The source code for this is available under the MIT license

I’m using a technique I first started to use in my game Eater of Worlds, it has since appeared in a few other things I’ve made.
Just piling hundreds of objects in a single DisplayObject causes Flash to redraw all of them each frame. Drawing vectors in Flash is pretty fast, but having to redraw them each frame is a bit unnecessary if they aren’t really changing. Enter cacheAsBitmap, this does exactly what you would expect it to. And it’s great. Until the content changes, then you have to redraw everything again. Taking both the hit of the redraw with the added punishment of creating the cache (not sure how big that is though).
In isotope3 I redraw each and every frame, negating any boost cacheAsBitmap would give.
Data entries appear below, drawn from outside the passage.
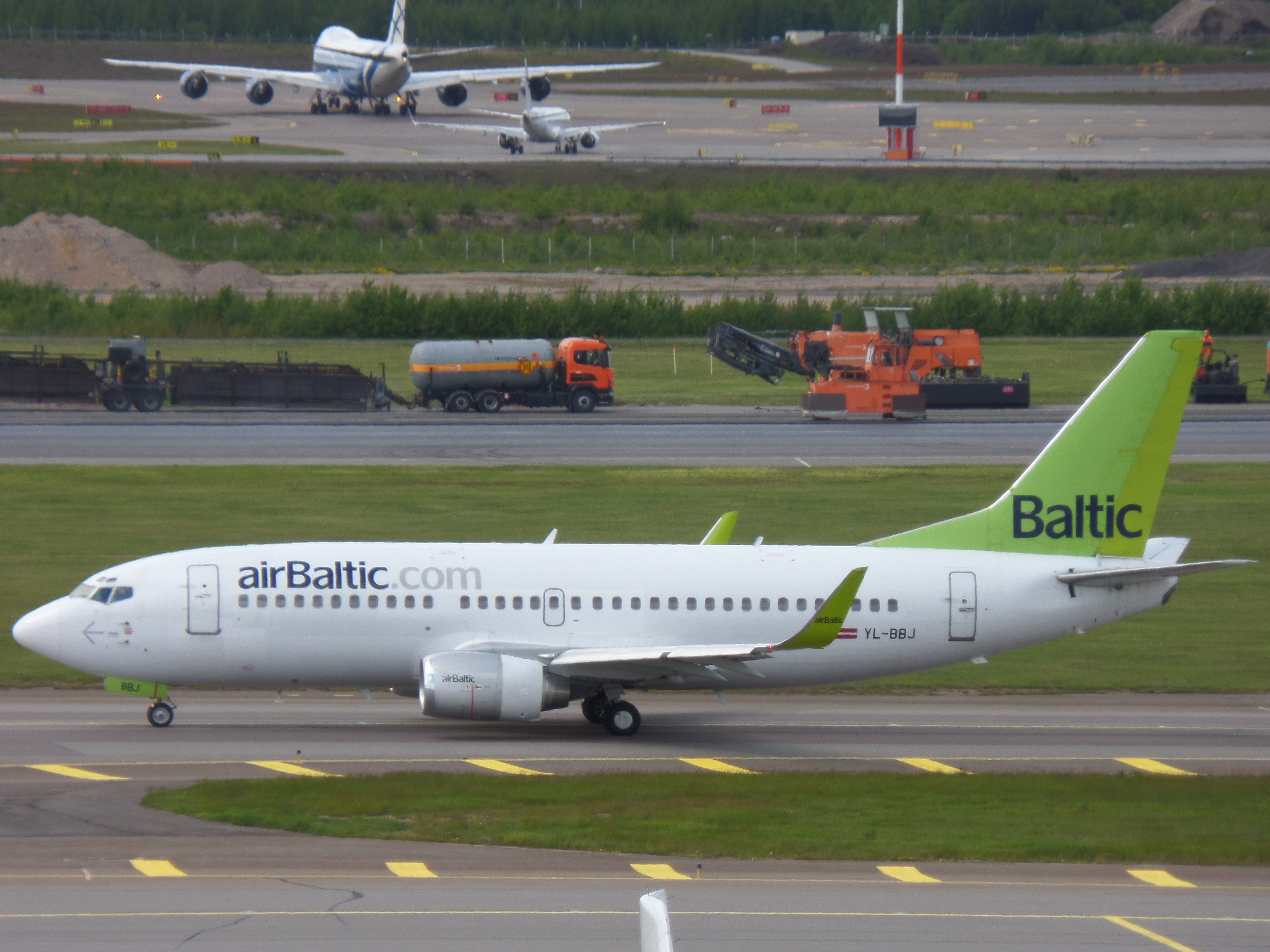 AirBaltic Boeing 737-36Q YL-BBJ at Helsinki-Vantaa Airport on 5 June, 2015.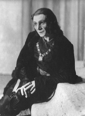 Sharifzade as Hamlet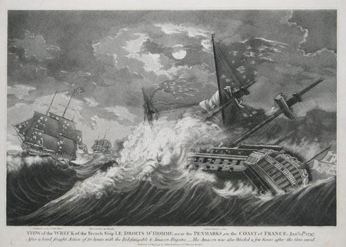 View of the wreck of the French ship Le Droits D' Homme, near the Penmarks, on the Coast of France. Jany 14th 1797. After a hard fought Action of 10 hours, with the Indefatigable & Amazon frigates. The Amazon was also Wreck'd a few hours after; the Crew Saved.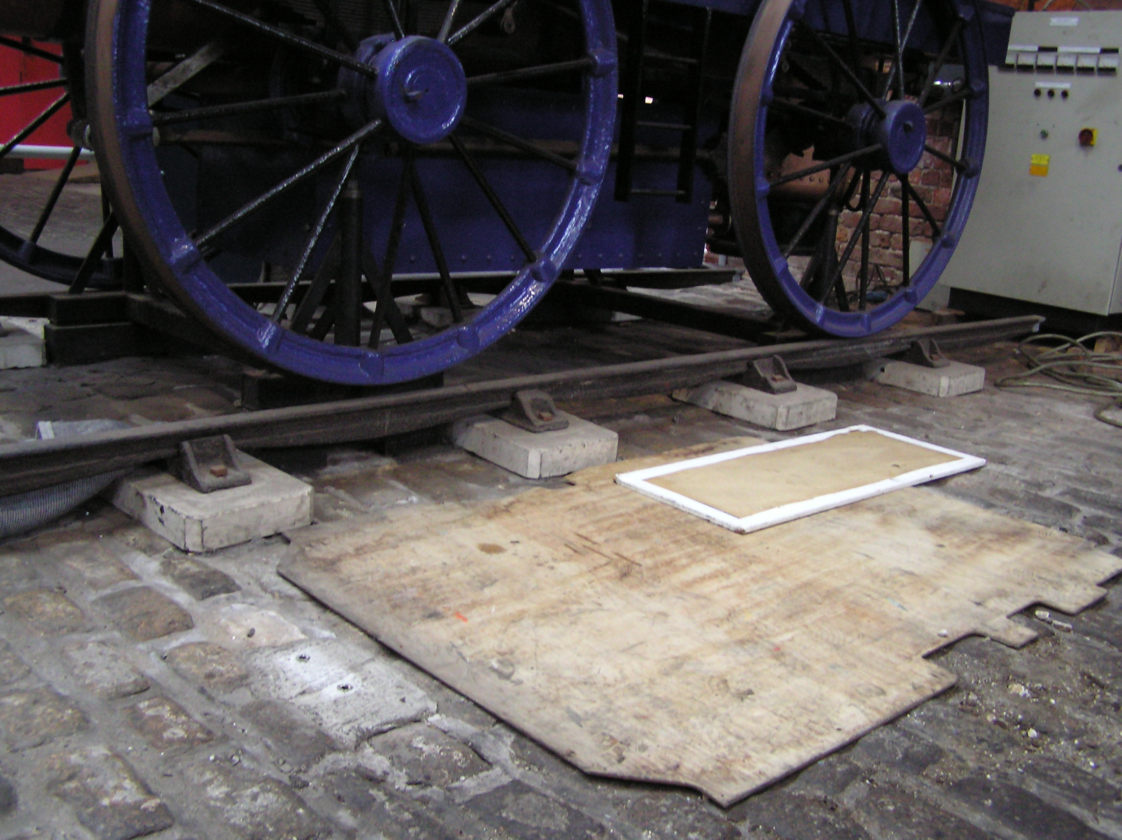 Long fish bellied rails in the Manchester Museum of Science and Industry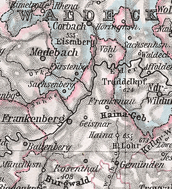 Detail from a map of Hesse.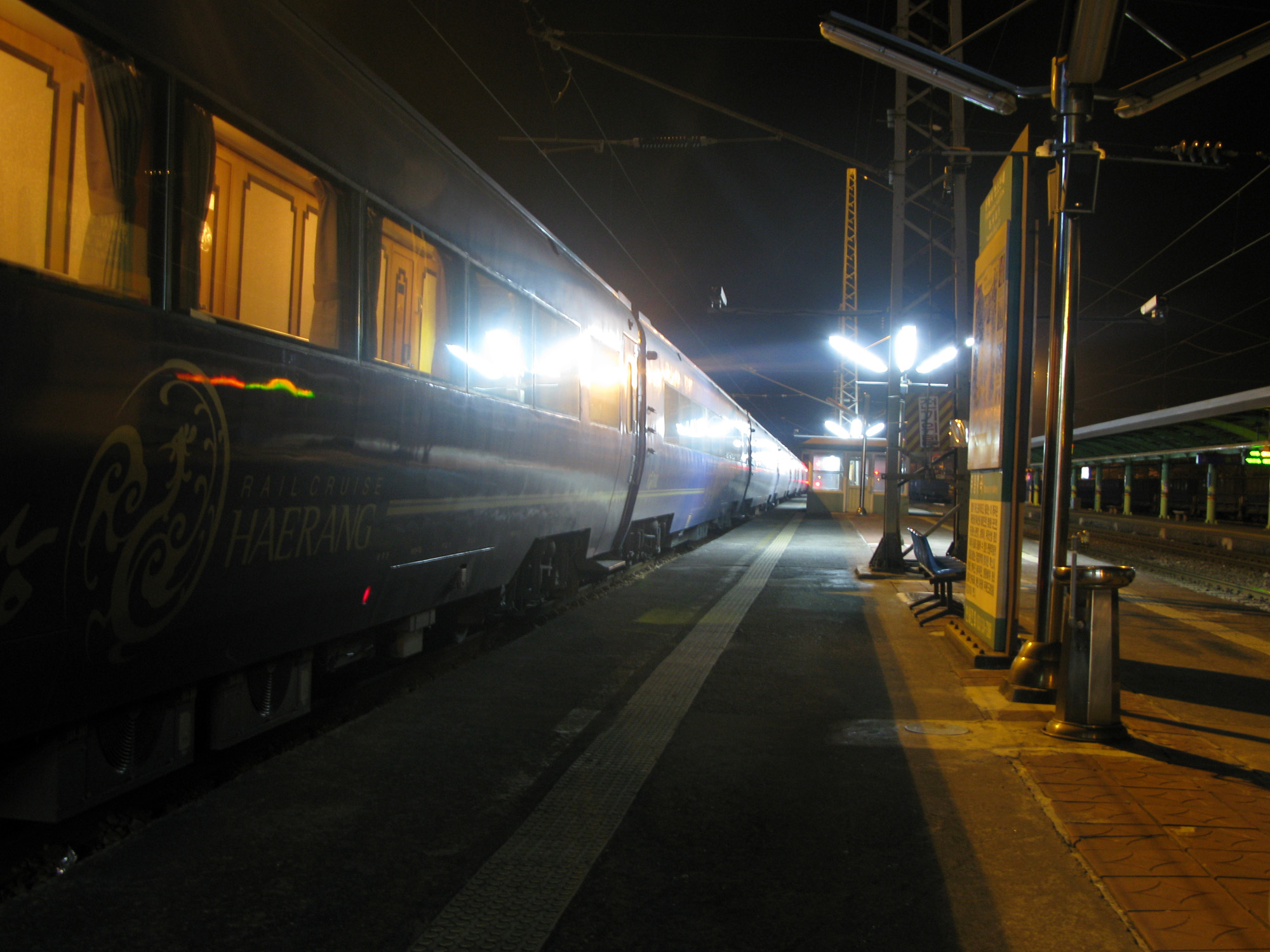 Donghae Station with Haerang (Korail's Sightseeing Train)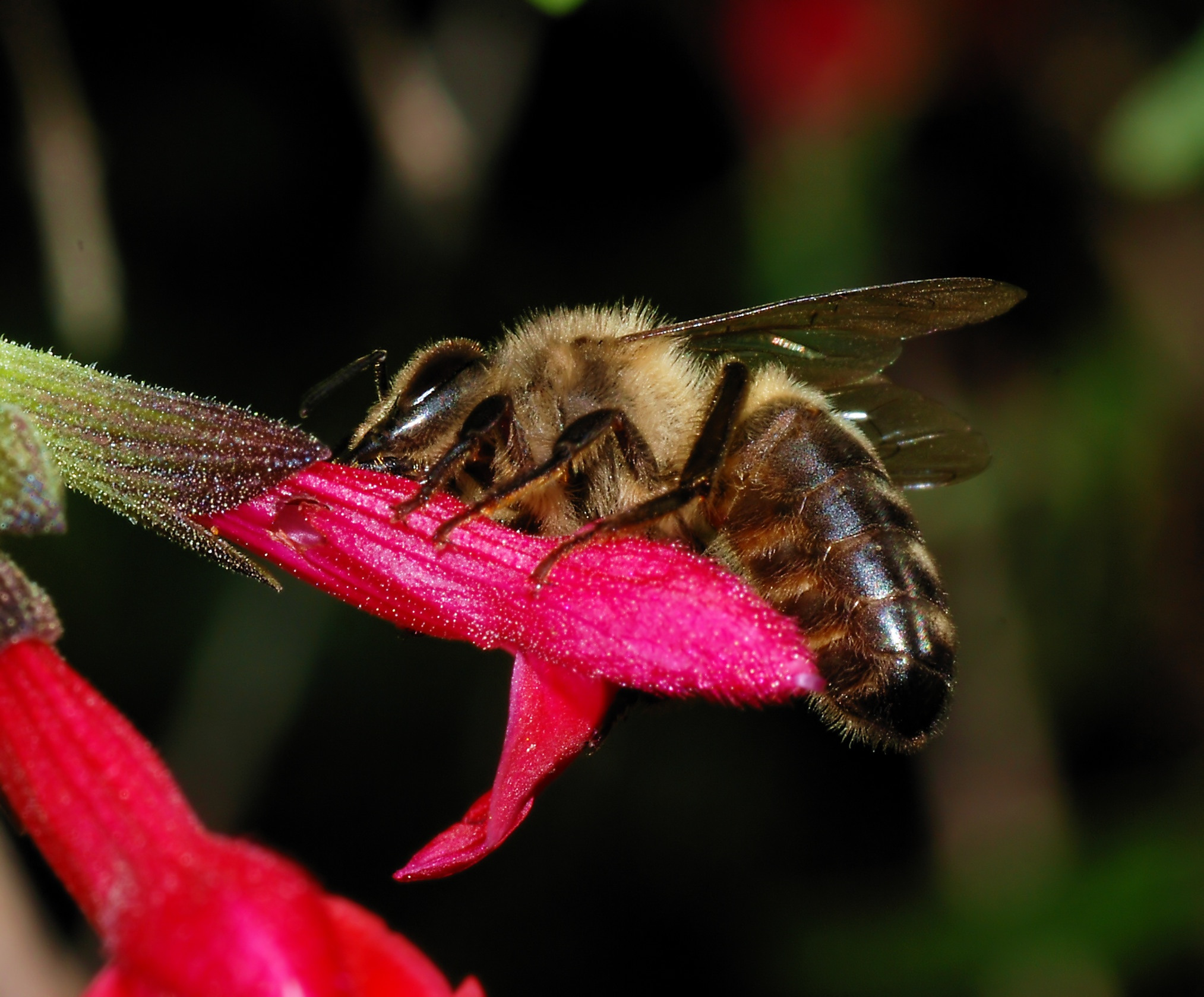 A honeybee feeding on nectar (Apis mellifera)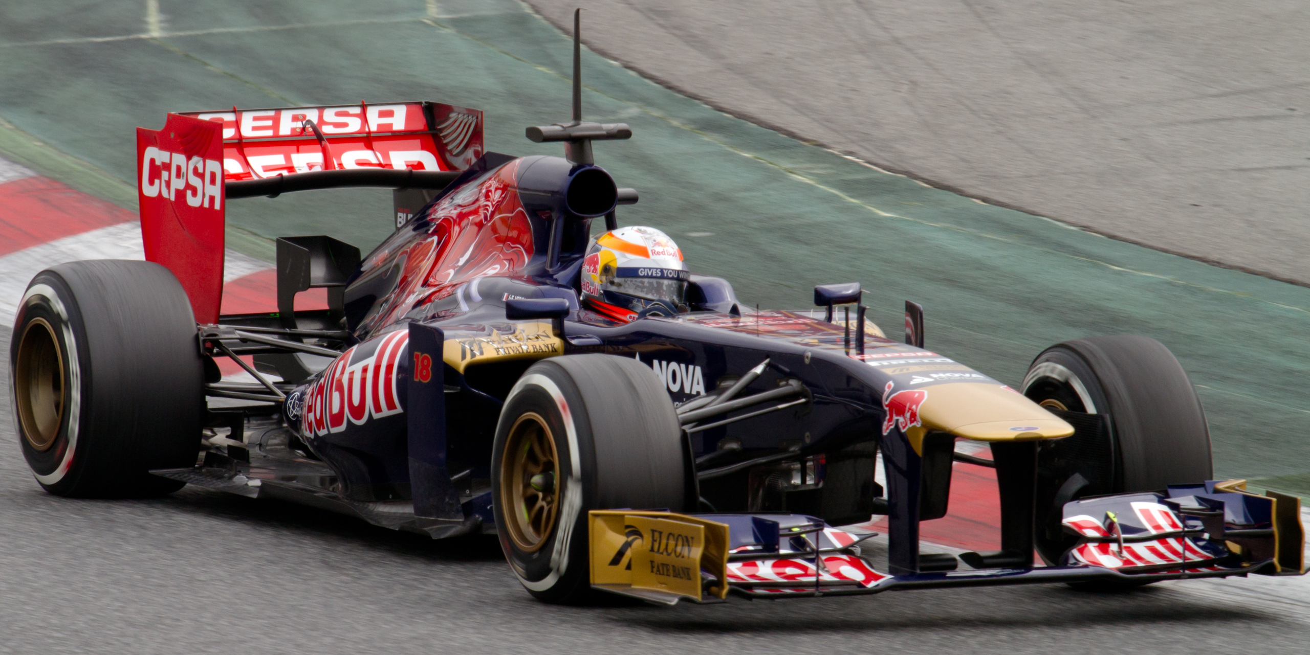 Formula One 2013 Catalonia test (19-22 February): Jean-Éric Vergne (Toro Rosso)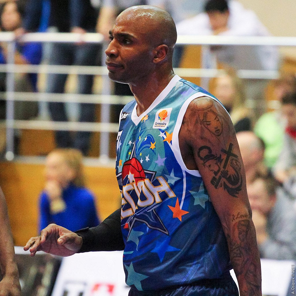 Fred House at the 2011 Ukrainian Superleague All-Star Game.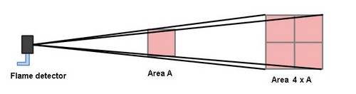 Square law, Flame detection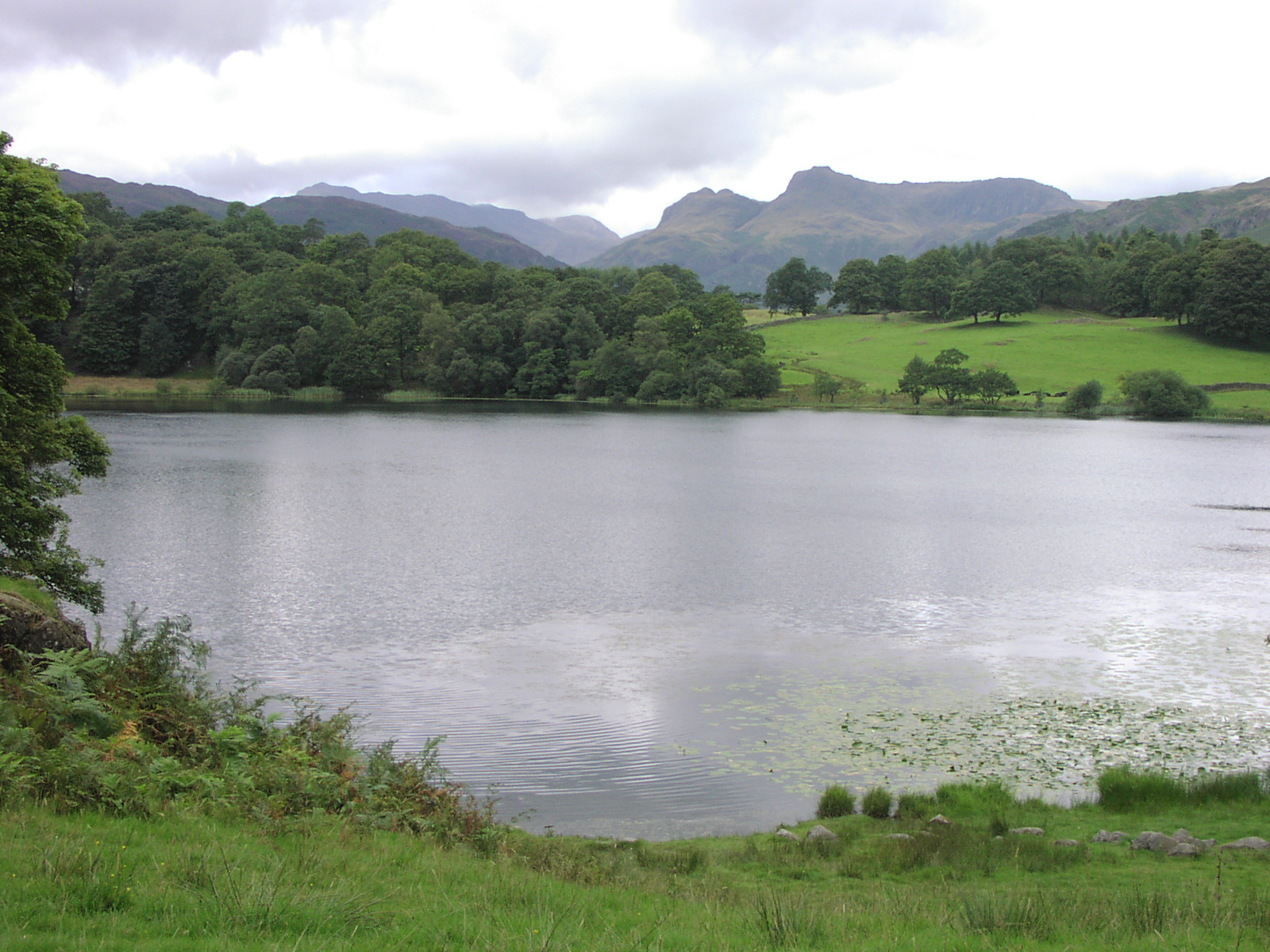 The Langdale Pikes seen in the distance looking across Loughrigg tarn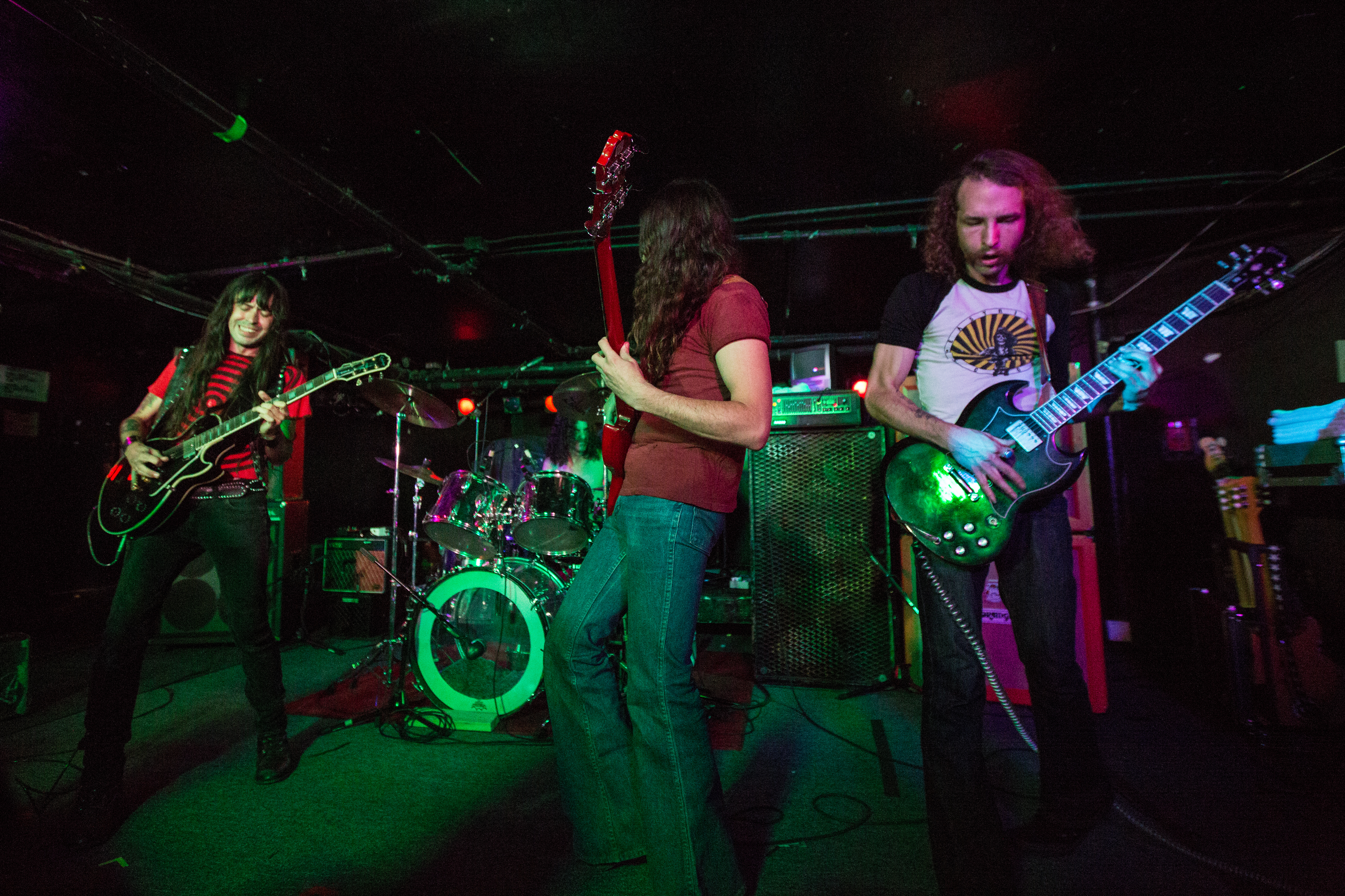 CAMBRIDGE, MA - SEPTEMBER 25: Uncle Acid And The Deadbeats play a sold-out room on their first US tour, with support from Danava. Shot at The Middle East Restaurant and Nightclub on Thursday, September 25, 2014.

So what I do is i create a “cache” bitmap, basically the same as flash would do automatically, but this bitmap I’m controlling.
This makes stuff a tiny bit more complicated, since you will need to explicitly tell flash what to draw to the bitmap each frame (or whenever you feel like it really). Another drawback is that if you’re using it to pile in large amounts of objects and want to remove something it gets tricky. A good way to solve this would be to keep the DisplayObjects, but not attached to any visible clip, and updating them as needed.

Enough with the talking for now, here’s a demo (Click it to make it go!)

This is how you set it up:

// initializing the canvas at 500x500, not using the
// autoclear and with a full size back buffer.
// if you're going to use blurring or some other "destructive"
// effect, you can use a smaller back buffer that means
// setting a bigger buffer divisor as the fourth argument
var _canvas:Canvas = new Canvas(500, 500, false, 1);

// this color transform is applied each update(),
// here i set the alpha multiplier to .5 making
// whatever was in the buffer the last time around
// gets faded by that amount
var colorTransform:ColorTransform = new ColorTransform(1, 1, 1, .5, 0, 0, 0, 0);
_canvas.colorTransform = colorTransform;

// a simple blur filter
// (it's faster with multiples of two for the blur-setting btw)
var blurfilter:BlurFilter = new BlurFilter(4, 4, 1);
// feed it in like this, this is too run on each update()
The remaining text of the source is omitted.